> Rabbi Noah > Reflections

Our Father

May 8, 2009 | by Mitch Mandel

Rav Noach was a giant in every sense of the word.

"Just as a person is obligated to honor and fear his father, so also he is obligated to honor and fear his Rav, even more so than his own father. A father brings one into this world, a Rebbe who teaches wisdom for living brings one into the world to come." (Maimonides, The Laws of Torah Study, 5:1)

Our father is gone. Our rebbe is gone. A giant is gone.

Rav Noach was in every sense of the word a Gadol – a Giant.

He was a giant in Torah knowledge. He became a giant because of his great and powerful will and desire for wisdom. This was seen in the Rosh Yeshiva's unbelievable consistency as he would learn 18 hours straight, often times putting his feet in ice water to stay awake.

He knew how to show the relevance and power of Jewish wisdom to everyone.
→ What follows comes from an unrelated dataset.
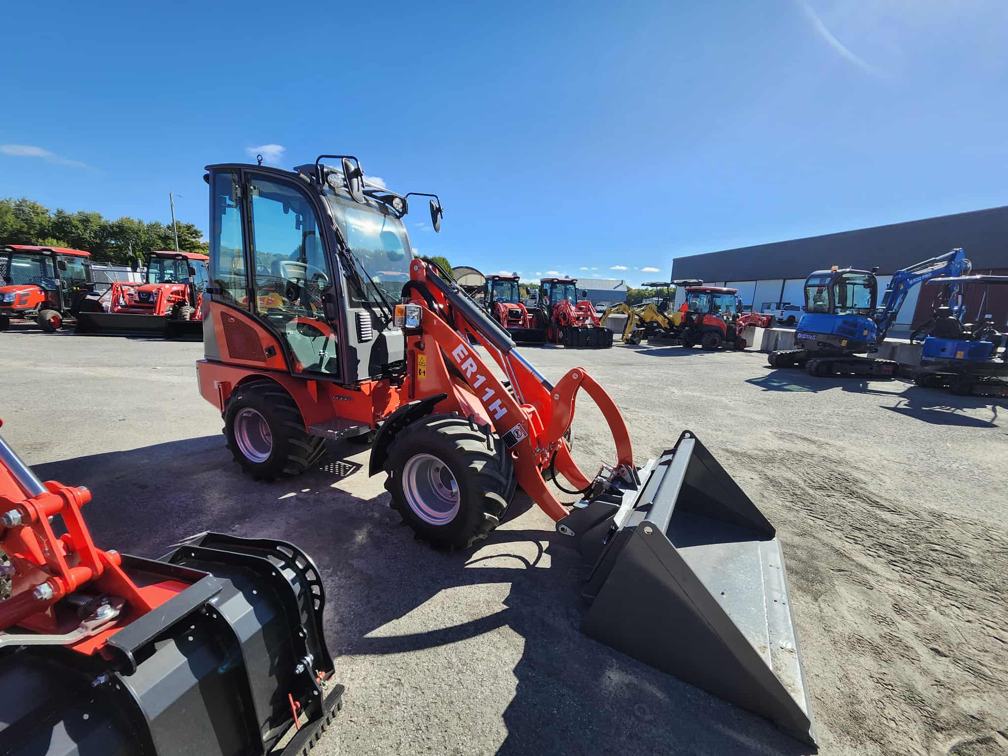 Nous vous présentons notre nouveau produit : l'ER11H, une petite chargeuse d'une capacité de charge de 1 tonne ! 1. Moteur puissant : Équipée de moteurs Kubota Euro V et EPA4 de 18,5 kW pour une puissance élevée. 2. Transmission hydrostatique avancée : Grâce à un système hydrostatique italien, la stabilité et l'efficacité du système sont améliorées. 3. Structure compacte : Sa conception compacte est adaptée aux espaces restreints et aux zones de travail restreintes. 4. Système de commande multifonction : Équipée d'un système de commande multifonction avancé, elle offre une expérience d'utilisation flexible et précise. 5. Excellente capacité de charge : Avec une capacité de charge de 1,1 tonne, elle est adaptée à divers scénarios d'utilisation pour une efficacité accrue. 6. Cabine ergonomique : La cabine/toit est conçue pour être confortable, offrir un environnement de travail optimal et réduire la fatigue du conducteur. 7. Conception structurelle haute résistance : Utilisation de matériaux haute résistance pour une structure solide et une durabilité et une fiabilité accrues. 8. Grande adaptabilité : La chargeuse est très adaptable et s'adapte à différentes conditions de travail et exigences opérationnelles. 9. Système de direction flexible : La chargeuse est équipée d'un système de direction flexible pour améliorer sa maniabilité et s'adapter à divers environnements de travail. 10. Divers accessoires disponibles : Différents accessoires sont disponibles pour répondre aux besoins de différents secteurs et opérations.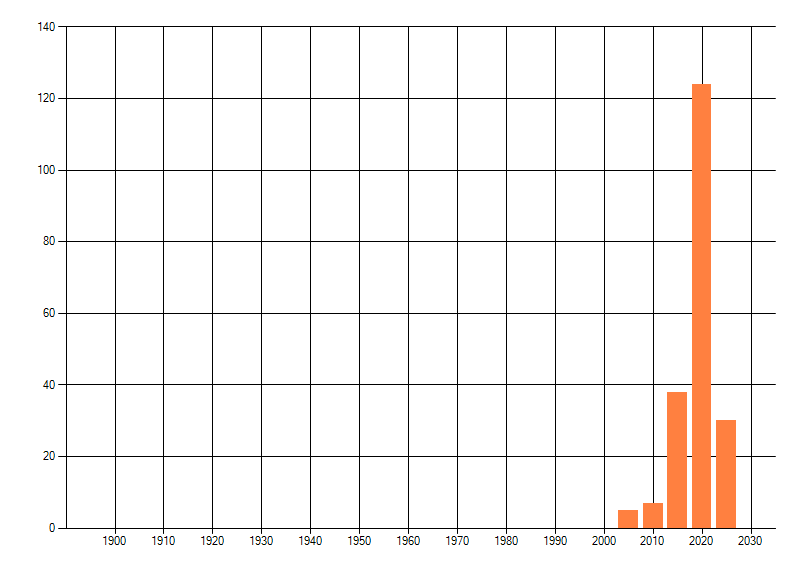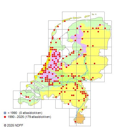 Het aantal atlasblokken (5x5 km) waarin de soort is gemeld binnen een periode van vijf jaar (vanaf 1980) of twintig jaar. Niet gecorrigeerd voor waarnemersinspanning en het aantal doorgegeven waarnemingen kan sterk variëren per periode, dus een trend in verspreiding kan hier niet direct uit worden afgelezen. Het opgegeven jaartal is het eerste jaar van de periode. Bron: gevalideerde waarnemingen uit de NDFF.

He was a creative giant. He not only knew Torah, he knew how to show the relevance and power of Jewish wisdom to everyone. For five decades he remained absolutely "with it." With that gorgeous twinkle in his eye and his ability to explain the beauty and profundity of Torah, he touched and impacted everyone he met, regardless of age, nationality, and Jewish background. Listen to the simple genius of the 48 Ways to Wisdom. In each "Way," Rav Noach's brilliance shines as he illuminates ideas that are truly life changing. Each thought epitomizes the Rosh Yeshiva's mandate of Torat Chaim, sharing Torah wisdom that is real and applicable to our life.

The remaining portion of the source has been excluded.